Untaxed Platforms Cast a Shadow on State Coffers

Untaxed platforms, particularly prediction markets, siphoned nearly $800 million in lost revenue for states since early 2025, operating in regulatory gray zones that bypass traditional licensing; these offshore or novel entities capture bets without contributing taxes, creating an uneven playing field for compliant operators.

Researchers estimate this figure based on handle volumes and average holds, noting how such platforms lure users with lax rules or crypto anonymity; it's the reality that while legal gaming thrives, these shadows erode potential state income, prompting calls for federal oversight to close loopholes.

People in the industry often point out that prediction markets exploded during election cycles, but their persistence into 2026 underscores ongoing challenges; experts who've modeled the impact suggest that taxing these could add hundreds of millions annually, directing funds toward public goods much like conventional gaming does.

Regional Breakdowns Reveal Nuanced Picture

Delving deeper, regional data paints a varied landscape where the Northeast led with robust casino gains, propelled by urban density and tourism; the South saw iGaming shine brightest, while the West leaned on slots amid steady table play, and the Midwest balanced all segments despite the sports betting pullback.

Figures reveal that no single region dragged the national average, but power centers like Las Vegas and Atlantic City posted standout months, with slots revenue there mirroring or exceeding national paces; this diversity shows how local factors—weather, events, competition—shape outcomes, yet the collective 4.6% rise signals underlying health.

And now, with spring events on the horizon in April 2026, analysts anticipate upticks in sports handle that could offset February's dip, keeping the momentum alive.

Looking Ahead: Trends Shaping 2026 Gaming

February's results set a positive tone for the year, with casinos and iGaming positioning the sector for sustained expansion; although sports betting navigates volatility, the $12.66 billion handle proves enduring appetite, and tax growth offers policymakers leverage for further development.

Those monitoring the space expect tech integrations—like AI-driven personalization in iGaming—to fuel next gains, while regulatory pushes target untaxed rivals; it's clear that brick-and-mortar resilience, paired with online acceleration, forms a hybrid model that's paying dividends.

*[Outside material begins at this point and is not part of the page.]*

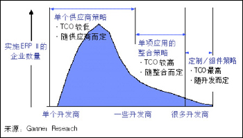 按照Gartner Group 預測,到2005年,采用單項方案組合獲得ERP II的企業的擁有成本至少比那些采用單個廠商成套產品的高出25%(發生概率為0.7)。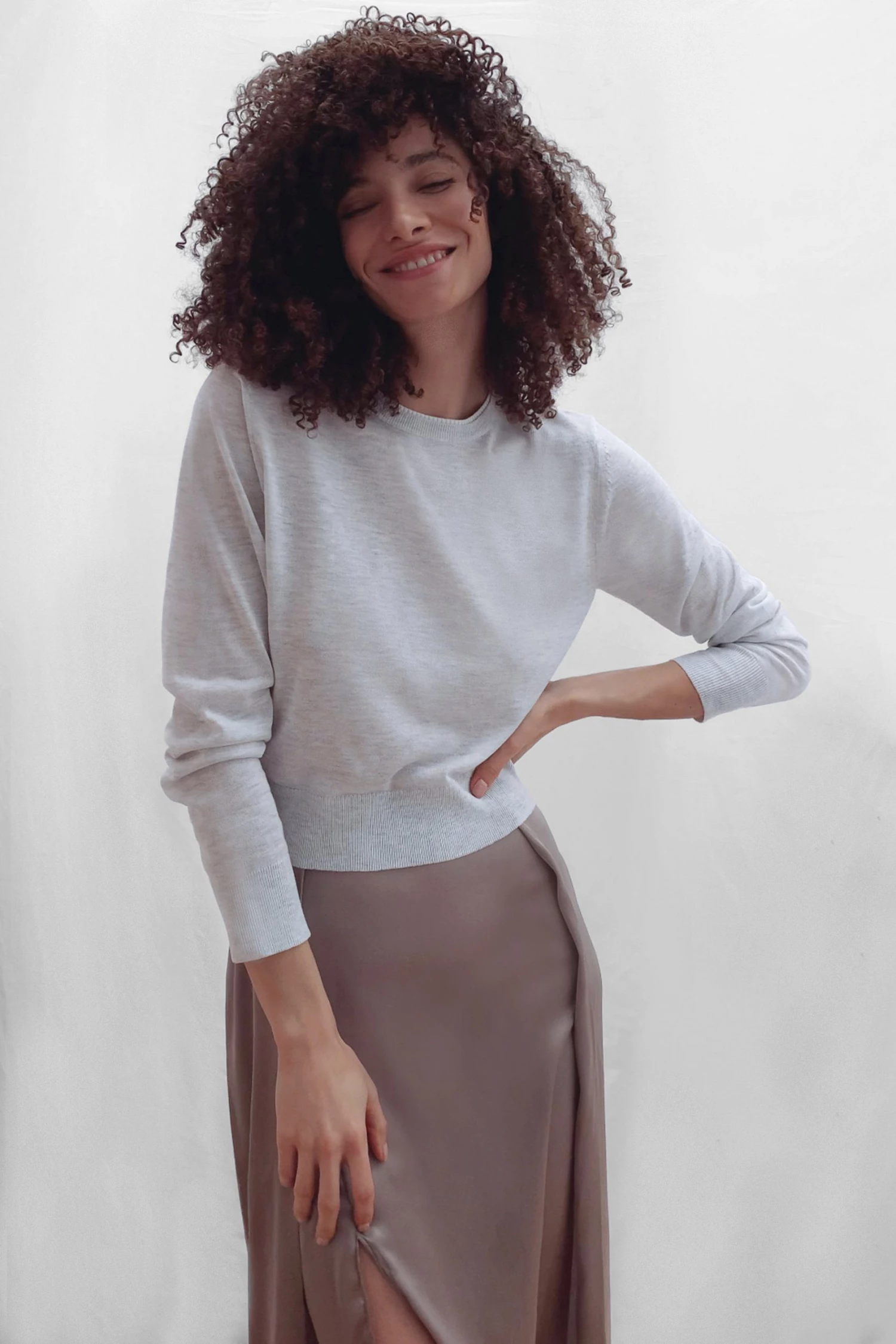 Kickstart your transeasonal portfolio with our Loxi Recycled Crew Neck Jumper. The soft staple is crafted with a round neckline, long sleeves and subtle cropped fit.

One researcher who pored over historical trackers notes parallels to post-2020 recoveries, where diversification proved key; as states refine frameworks in April 2026, the industry stands poised to build on this foundation.

Conclusion

In summary, U.S. commercial gaming's 4.6% revenue rise to strong February 2026 figures underscores a tale of contrasts—casino steadiness and iGaming fireworks offsetting sports betting softness—while tax inflows climb and untaxed threats loom; data from the Commercial Gaming Revenue Tracker captures this dynamic precisely, offering a snapshot of an evolving landscape where traditional strengths meet digital opportunities, and states reap fiscal rewards amid calls for fuller regulation.

The ball's in the regulators' court now, as these trends ripple into spring and beyond, shaping what comes next for players, operators, and governments alike.